Alle 22 del 12 aprile 2023 Carlo Calenda ha seppellito il Terzo Polo. E lo ha fatto sorprendendo quelli di Italia Viva, che definire furenti è dire poco. Il cronista è impazzito dietro a tutte le giravolte della giornata, una giornata che a detta di tutti volgeva in positivo. Così avevano capito anche i renziani presenti alla riunione del comitato politico, freddati da “Carlo”, tanto che nella loro nota finale hanno scritto che c’era l’accordo «su tutti i punti», e la riunione veniva aggiornata (a oggi: ma si farà, a questo punto?), attendendosi dichiarazioni distensive del leader di Azione. Che invece è uscito annunciando un «nulla di fatto» e rimarcando il dissenso sul fatto che Italia Viva continuerà a sussistere anche nel 2024: «Se questo nodo non verrà sciolto il partito unico non nasce».
Ha ragione lui? O i renziani? La verità è che qui sta diventando una commedia ottocentesca con le porte girevoli e le torte in faccia malgrado da tutte le parti – fino alle 22 – si sussurrasse ai giornalisti di un compromesso possibile, di tregua armata, chiamatelo come volete ma che insomma la rottura non ci sarebbe stata.
Invece il Terzo Polo esce ammaccatissimo dalle baruffe di questi giorni – incomprensibili ai più – e vicino a premere il tasto dell’autodistruzione. Matteo Renzi che per tutta la giornata era ottimista ieri sera era nero. I suoi pensano che Calenda abbia paura di perdere il congresso contro un candidato di Italia Viva (Luigi Marattin? Lella Paita?) e che sollevi problemi altrimenti risolvibili, compresa la norma antipatica per Renzi, che in sostanza dice che si applicheranno «le regole etiche e di incompatibilità» previste per i parlamentari europei, una regola che allude alle attività di lobbying che non può non far pensare al leader di Italia Viva (ma chissà quali escamotage giuridici potrebbero essere trovati per consentire a Renzi – potrebbe essere – di candidarsi a Bruxelles).
Nel documento presentato da Calenda si prevede che entro il 15 giugno si terranno le assemblee di Azione e Italia Viva che faranno partire il processo che porterà al partito unico, poi partiranno le iscrizioni e all’iter congressuale che terminerà entro il 20 ottobre. Il traguardo politico è ovviamente quello delle elezioni europee.

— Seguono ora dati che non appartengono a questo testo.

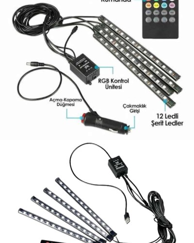 RGB Işıklı Araç İçi Aydınlatma Kumandalı 12’li Led Işık Renk Değiştirebilen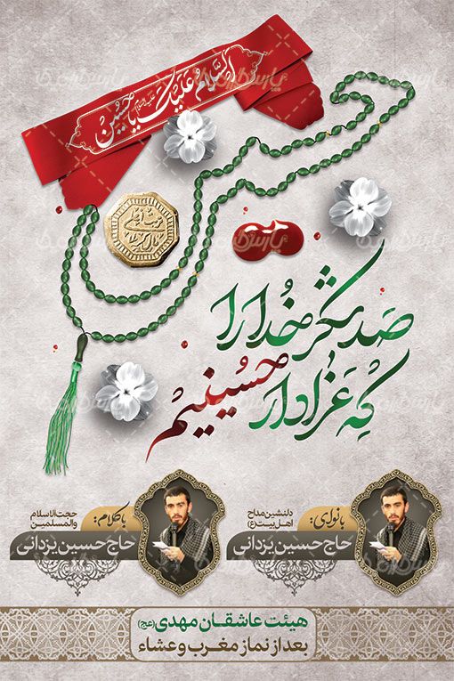 طرح بنر اطلاع رسانی محرم، بنر لایه باز محرم، طرح لایه باز بنر ایام محرم، تایپوگرافی حسین، تسبیح، مهر، لکه خون، سربند امام حسین، حاشیه تذهیب، تذهیب، متن صد هزار شکر که عزادار حسینم، کادر اسلیمی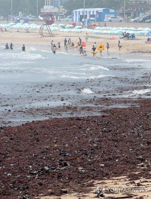 | △ 해초 몰려온 해수욕장 수영금지 (부산=연합뉴스) 조정호 기자 = 14일 부산 해운대구 송정해수욕장에 100t이 넘는 해초가 떠밀려와 해변가를 뒤덮고 있다. 해운대구는 제9호 태풍 찬홈이 지나면서 수중에 있던 해초가 해안가로 밀려온 것으로 추정했다. 해초가 밀려 온 300m 구간에 대해 입욕을 금지했다. 2015.7.14 ccho@yna.co.kr |
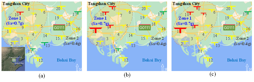 Fig. 3. 区域混凝土桥梁震后损伤评估结果:(a) 0年;(b) 50年;(c) 100年
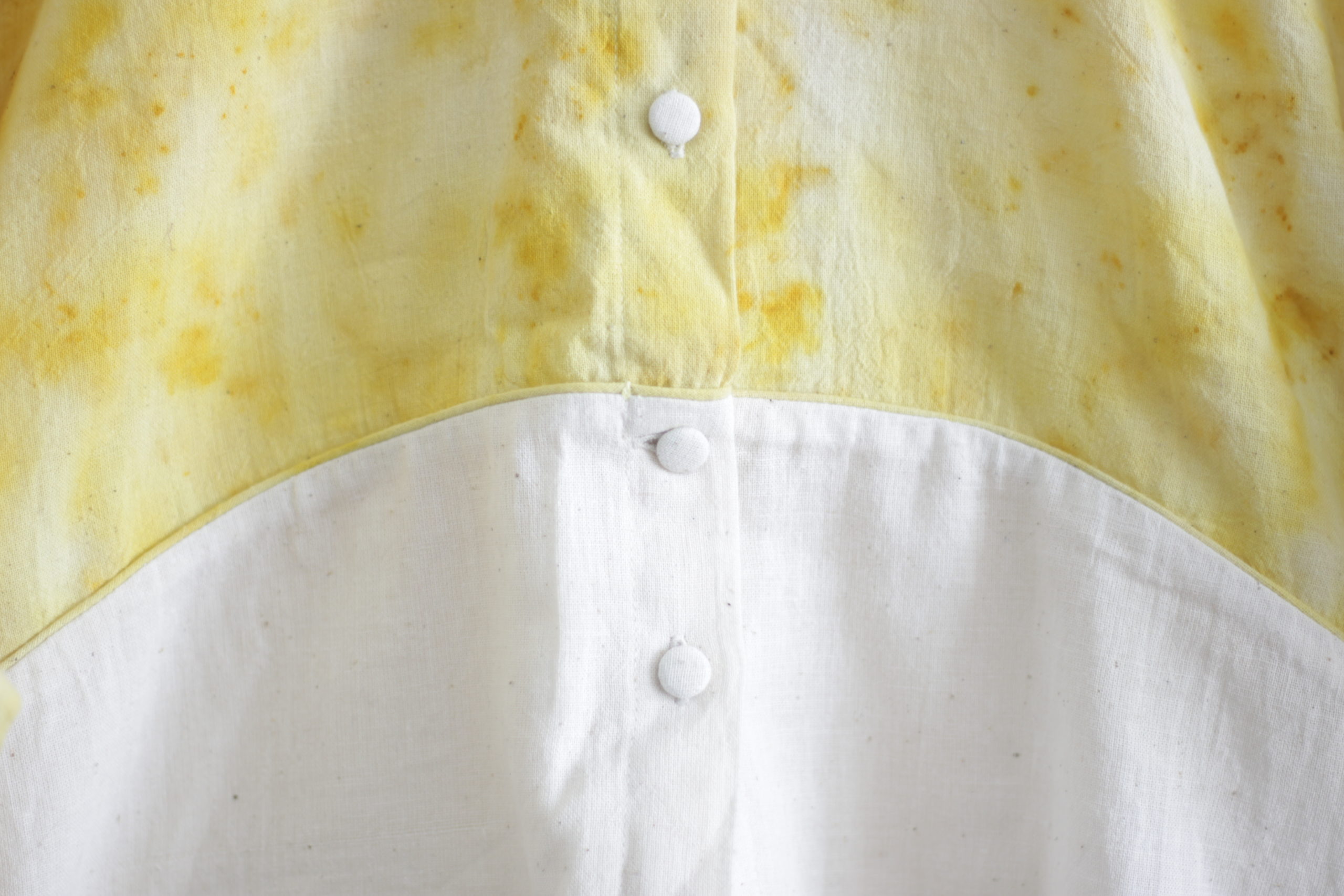 - Teintures à base de plantes : issues du vivant, elles varient dans le temps. Pour chérir le plus longtemps possible la beauté de la Nature, veuillez bien respecter les conditions d’entretien. Chaque pièce imprimée et teinte naturellement est unique en son genre et aura donc des légères différences d’une pièce à l’autre.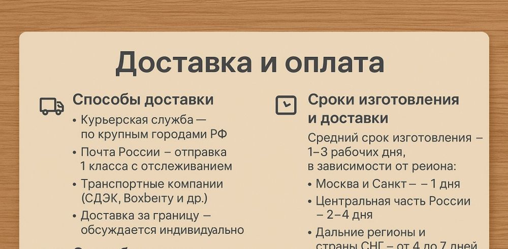 - Доставка за границу — обсуждается индивидуально. Работаем с ЕС, СНГ и другими странами.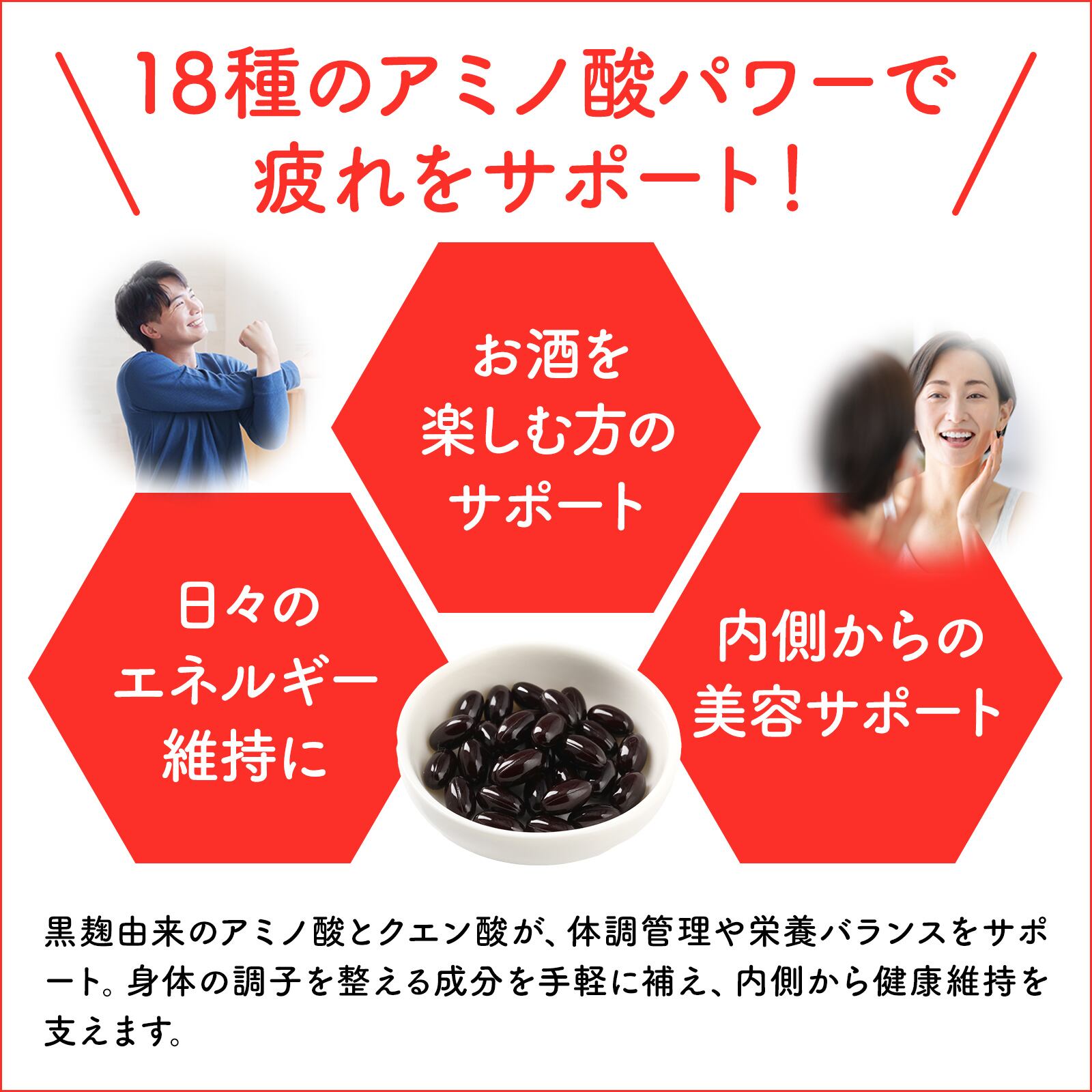 麹菌の中でもトップクラスの発酵力を持つ黒麹。その力で生まれる18種類のアミノ酸と天然クエン酸が、あなたの毎日を元気に、美しく支えます。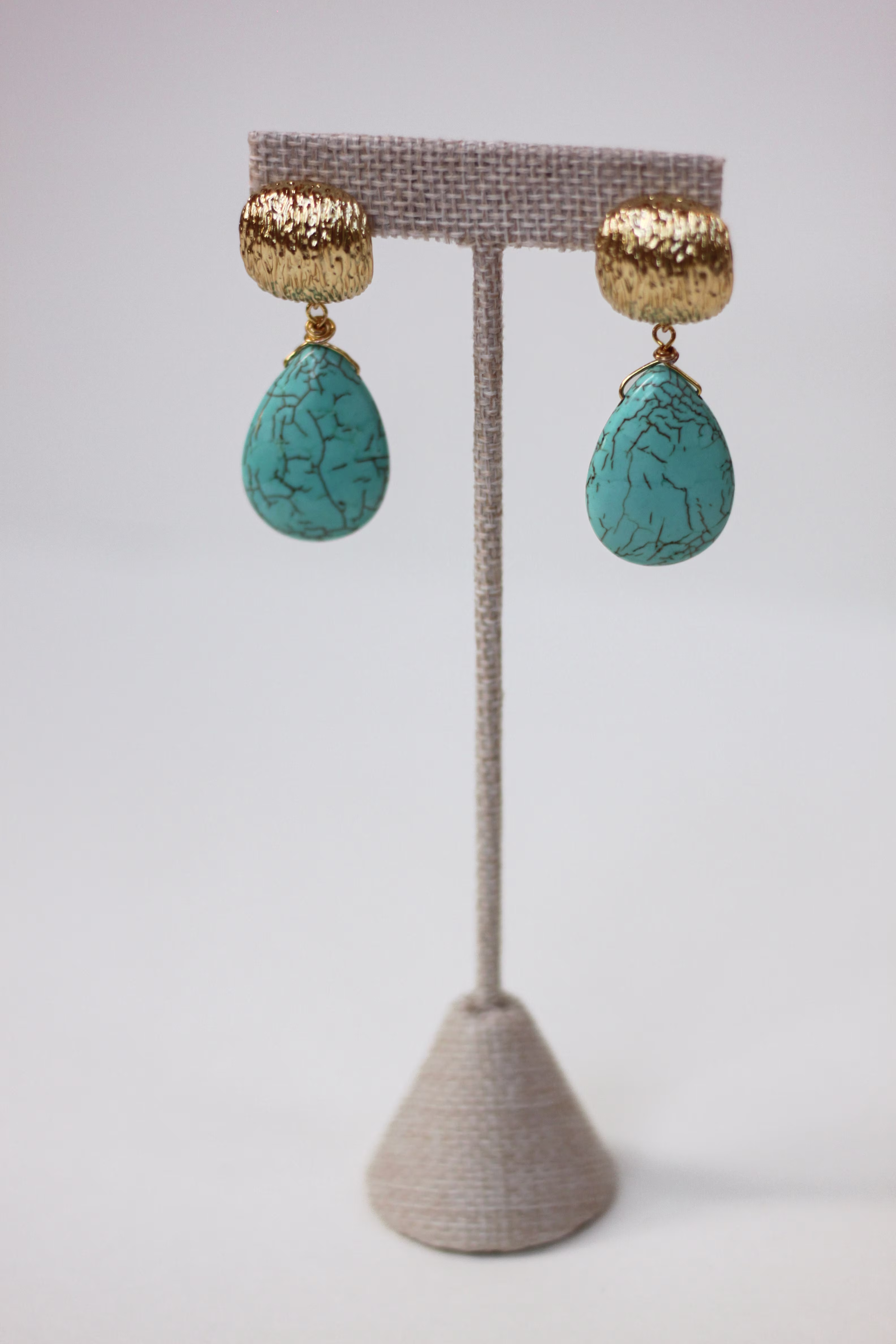 Bold Turquoise teardrop drops suspended from textured 18k gold plated posts.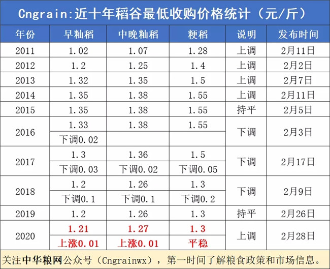 我國稻谷市場(chǎng)“政策市”特征明顯,最低收購價(jià)政策對(duì)水稻種植面積調(diào)整和未來行情走勢(shì)影響很大。根據(jù)歷年來稻谷最低收購價(jià)發(fā)布時(shí)間來看,2月份是我國稻谷最低收購價(jià)政策發(fā)布的窗口期,不過2021年政策出臺(tái)時(shí)間很可能要到2月下旬了。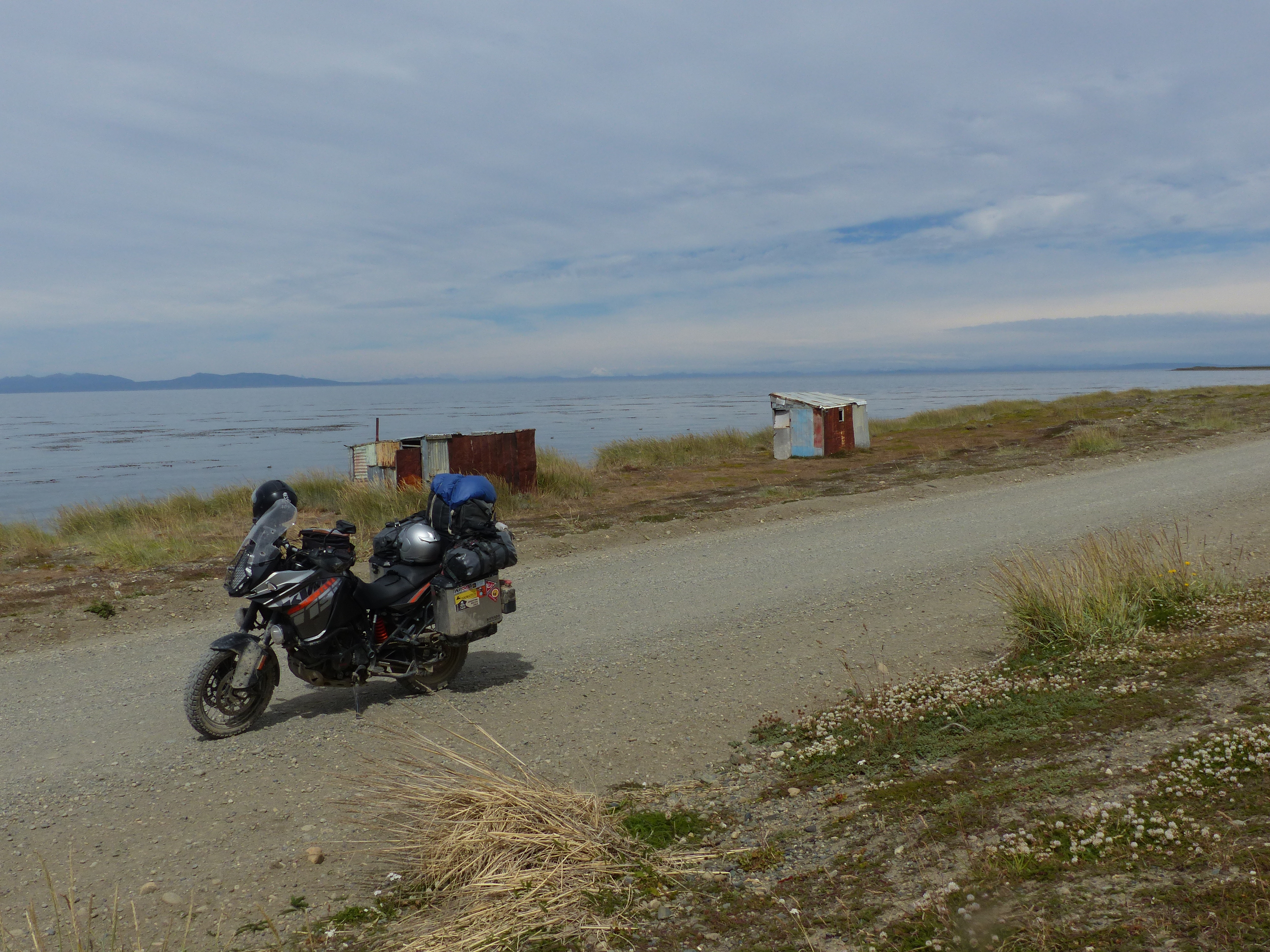 After 200km of dust we crossed back into Argentina. Our destination for the day had been Rio Grande, but when we arrived all the hotels were full due to a convention!!! By the time we had looked into all the accommodation options in Rio it was 6:30 pm, but we had light on our side being so far South. We made the decision to ride the 225km to Ushuaia that evening.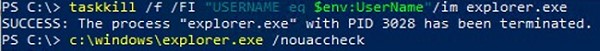 These commands will terminate the explorer.exe process for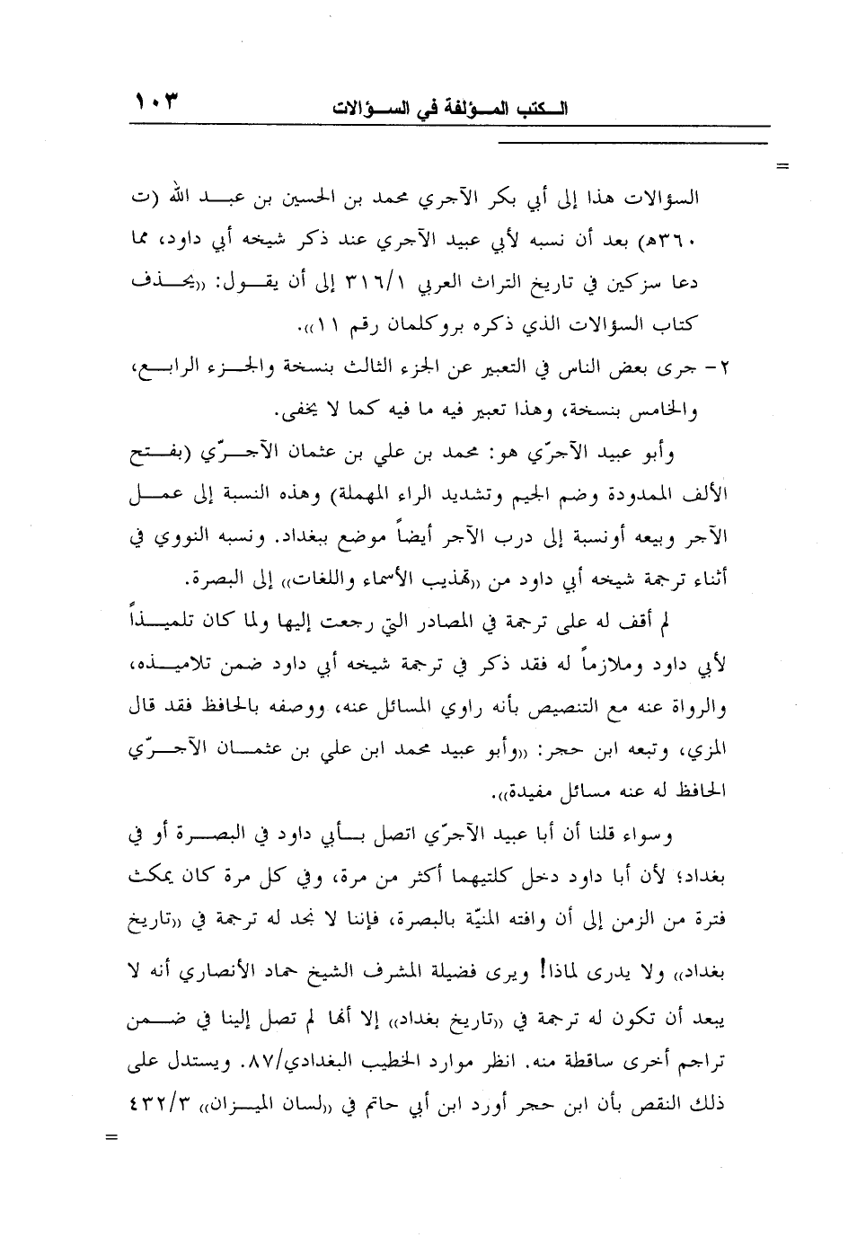 وسواء قلنا أن أبا عبيد الآجرّي اتصل بأبي داود في البصرة أو في بغداد؛ لأن أبا داود دخل كلتيهما أكثر من مرة، وفي كل مرة كان يمكث فترة من الزمن إلى أن وافته المنيّة بالبصرة، فإننا لا نجد له ترجمة في "تاريخ بغداد" ولا يدرى لماذا! ويرى فضيلة المشرف الشيخ حماد الأنصاري أنه لا يبعد أن تكون له ترجمة في "تاريخ بغداد" إلا أنها لم تصل إلينا في ضمن تراجم أخرى ساقطة منه. انظر موارد الخطيب البغدادي/87. ويستدل على ذلك النقص بأن ابن حجر أورد ابن أبي حاتم في "لسان الميزان" 3/432

A lui non va giù lo “scioglimento lento” dei due partiti, e adesso la situazione si è complicata al massimo. Sui tempi di scioglimento dei due partiti e sul finanziamento. Ma è chiaro che dietro c’è molto di più. Tutti i giornalisti che si occupano della novela Azione-Italia Viva sanno che se in questo periodo chiedi a Matteo Renzi di Carlo Calenda lui si porta l’indice alla tempia in un gesto eloquente; e se chiedi a Calenda di Renzi il minimo che ti risponde è che «è il peggior nemico di sé stesso». Gli altri dirigenti sono basiti, o infuriati, o tutt’e due le cose. La discussione è stata molto dura. Davide Faraone ha attaccato pesantemente il leader di Azione al quale non erano piaciute le dichiarazioni rese da Maria Elena Boschi. Un gioco al massacro.
Gli “azionisti” non si fidano. I dirigenti renziani non sopportano più gli ultimatum calendiani, i sospetti continui. Renzi dice di aver dato risposte su tutto, soldi, leadership, trasparenza sul percorso, sul fatto che Il Riformista non interferirà con la vita del nuovo partito ma sarà caso mai uno stimolo e ripete che Calenda si sia dimostrato «entusiasta» della notizia tanto da proporgli di farne l’organo del Terzo Polo (mentre il leader di Italia Viva ha in mente un giornale aperto, non strettamente “politico”, tanto “aperto” che il direttore responsabile sarà Andrea Ruggieri, già deputato di Forza Italia).
Oggi si capirà se una tregua è possibile o se bisogna scrivere la parola “fine”. Ma il modo vero per uscire da questa situazione probabilmente sarebbe aprire una vera discussione politica, rifare il punto della situazione, verificare la collocazione del Terzo Polo nella situazione attuale dominata dalla destra e dal suo governo. Il progetto calendian-renziano non sta dimostrano grande appeal, come minimo, grandi adesioni non arrivano, mentre cresce il Partito democratico “radicale” di Elly Schlein, il che non sarebbe un problema se parallelamente prendesse forza una gamba riformista, ed entra in difficoltà il pezzetto “moderato” di destra: ma in tutto questo Azione e Italia Viva litigano su date, soldi, percorsi. Ma che gliene importa alla gente normale. Questi rischiano di strozzare nella culla un progetto ambizioso. Anzi, è qualcosa di più di un rischio.